## EXCERPTED RECORDS:

-=-=-=-=-

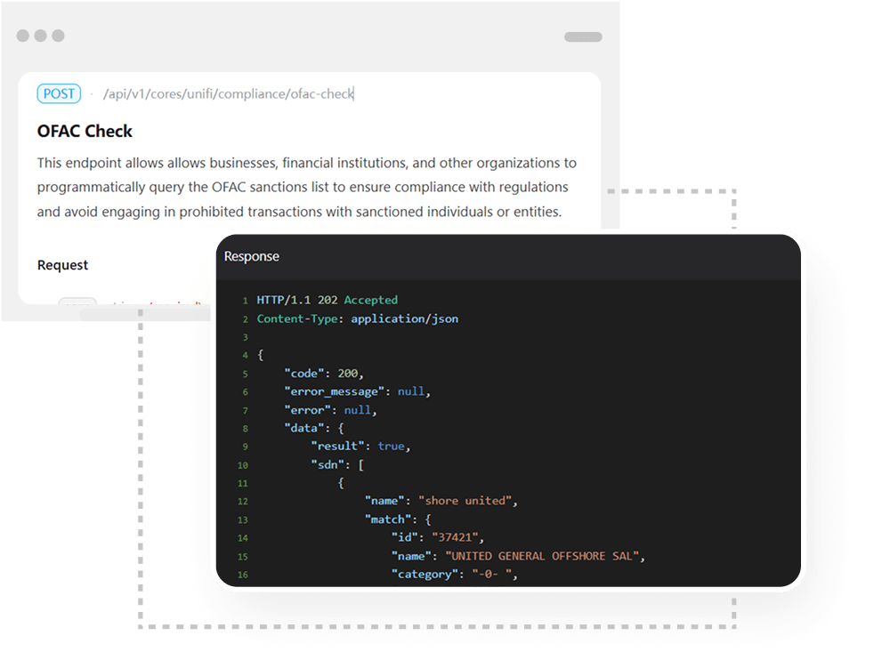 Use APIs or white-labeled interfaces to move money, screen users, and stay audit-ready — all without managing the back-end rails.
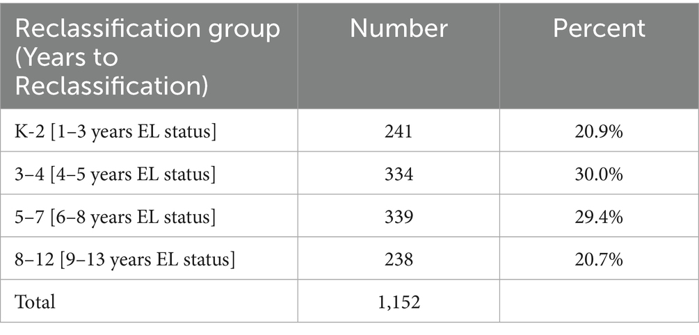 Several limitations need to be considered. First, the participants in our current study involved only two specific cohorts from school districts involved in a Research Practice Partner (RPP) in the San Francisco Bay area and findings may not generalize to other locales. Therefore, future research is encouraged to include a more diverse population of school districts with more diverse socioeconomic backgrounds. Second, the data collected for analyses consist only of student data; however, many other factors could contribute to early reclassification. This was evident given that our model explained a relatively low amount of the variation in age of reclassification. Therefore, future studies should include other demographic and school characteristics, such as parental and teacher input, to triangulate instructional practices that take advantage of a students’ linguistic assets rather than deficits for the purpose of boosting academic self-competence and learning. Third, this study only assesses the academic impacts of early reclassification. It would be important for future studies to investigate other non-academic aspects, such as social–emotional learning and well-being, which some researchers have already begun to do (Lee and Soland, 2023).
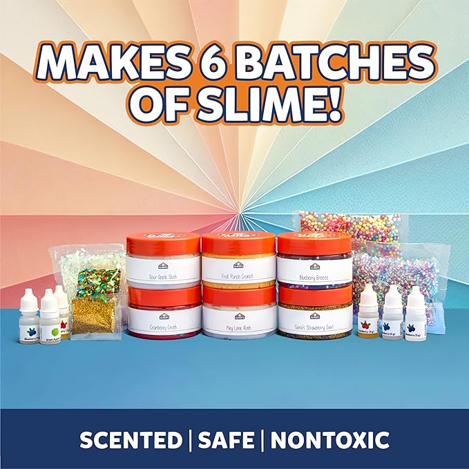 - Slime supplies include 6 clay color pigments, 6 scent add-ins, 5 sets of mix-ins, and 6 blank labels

-=-=-=-=-

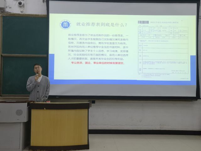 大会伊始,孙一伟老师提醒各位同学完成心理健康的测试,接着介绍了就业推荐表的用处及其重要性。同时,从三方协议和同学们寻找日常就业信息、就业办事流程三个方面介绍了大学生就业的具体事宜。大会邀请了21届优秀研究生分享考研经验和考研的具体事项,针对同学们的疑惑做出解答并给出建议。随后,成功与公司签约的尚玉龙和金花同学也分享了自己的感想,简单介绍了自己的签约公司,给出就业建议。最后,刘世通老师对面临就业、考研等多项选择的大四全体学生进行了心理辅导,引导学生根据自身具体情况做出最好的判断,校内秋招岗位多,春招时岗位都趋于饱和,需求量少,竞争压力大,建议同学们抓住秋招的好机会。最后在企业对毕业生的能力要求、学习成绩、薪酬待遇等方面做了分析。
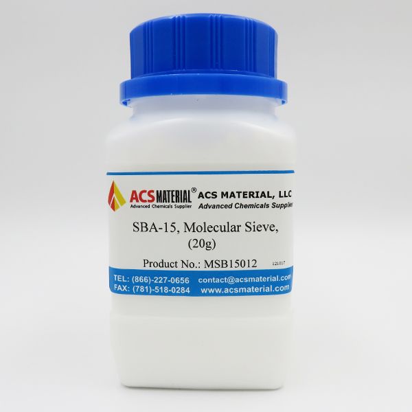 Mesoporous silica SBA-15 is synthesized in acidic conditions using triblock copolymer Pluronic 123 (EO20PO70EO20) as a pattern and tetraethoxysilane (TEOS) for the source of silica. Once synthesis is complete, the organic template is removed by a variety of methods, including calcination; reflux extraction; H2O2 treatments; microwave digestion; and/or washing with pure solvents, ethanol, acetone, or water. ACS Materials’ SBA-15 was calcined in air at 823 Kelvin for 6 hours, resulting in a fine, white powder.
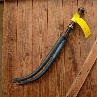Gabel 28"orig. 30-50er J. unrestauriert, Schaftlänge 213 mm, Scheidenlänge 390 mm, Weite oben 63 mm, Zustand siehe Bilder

-=-=-=-=-

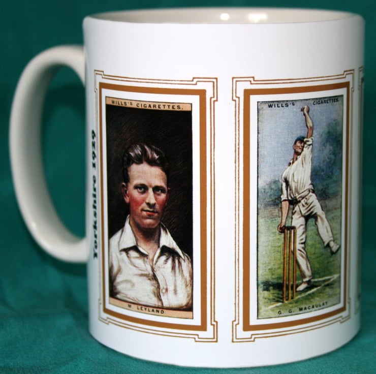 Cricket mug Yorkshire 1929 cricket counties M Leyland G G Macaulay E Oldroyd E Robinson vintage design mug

-=-=-=-=-

## WORK ITEM:
Print nothing except the lines above from the one containing "Mesoporous silica SBA-15" down to the one containing "Zustand siehe Bilder", both included, exactly as written and free of pictures.

## RESPONSE FOR THIS EXERCISE:
 Mesoporous silica SBA-15 is synthesized in acidic conditions using triblock copolymer Pluronic 123 (EO20PO70EO20) as a pattern and tetraethoxysilane (TEOS) for the source of silica. Once synthesis is complete, the organic template is removed by a variety of methods, including calcination; reflux extraction; H2O2 treatments; microwave digestion; and/or washing with pure solvents, ethanol, acetone, or water. ACS Materials’ SBA-15 was calcined in air at 823 Kelvin for 6 hours, resulting in a fine, white powder.
Gabel 28"orig. 30-50er J. unrestauriert, Schaftlänge 213 mm, Scheidenlänge 390 mm, Weite oben 63 mm, Zustand siehe Bilder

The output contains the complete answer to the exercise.